Can't say it made it any easier to watch though ... mum doesn't believe she had a choice in caring for dad, but she did, and she made that choice - as in the end she sought assistance, but too little, too late. Hindsight of course is a wonderful thing!
 

CollegeGirl

Registered User
Jan 19, 2011
9,525
0
North East England
My dads social worker said that 'people (with mental capacity) always have the right to make their own decisions and choices - that includes making unwise ones, and those we may not agree with' which summed it up quite well I thought. She applied it to those carers (specifically at the time, my mum who was heading for a breakdown) who may choose to look after their partners even though it doesn't seem like the logical thing to do, to everyone else.

Can't say it made it any easier to watch though ... mum doesn't believe she had a choice in caring for dad, but she did, and she made that choice - as in the end she sought assistance, but too little, too late. Hindsight of course is a wonderful thing!

Hi KingM, you are right of course! Dad does have the right to choose what he does but I agree it's so very very hard to watch. And if and when he dies from the stress and exhaustion, then my poor mam will have to go into a home anyway, because I simply cannot do what he is doing, so it will have all been for nothing. Well, not nothing. He will know that he did everything he could. He's a hero, but I wish he wasn't. I don't want a dead hero for a dad. I just want my dad. I want my mam too but that's not going to happen.

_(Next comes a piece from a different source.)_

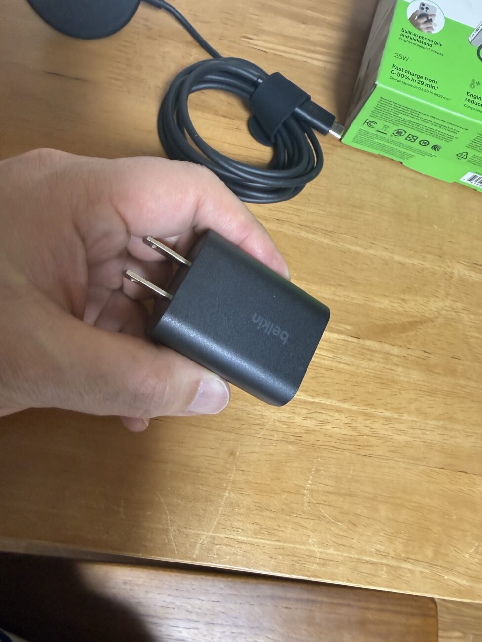 この手の商品付属の電源アダプタは見た目がチープなものも多いですが、さすがベルキンさんは高級感がありました。

Isn't this disease just the absolute pits? :mad::mad::mad::(:(:(
 

sistermillicent

Registered User
Jan 30, 2009
2,949
0
Thanks kingmidas, you summed that up better than i did about choices. And it is so hard to watch, especially for a bit of a control freak like me.
i got a baby album out yesterday for guess what reason, and was staggered to see pictures of my mum looking like my mum. I haven't seen her like that for so long.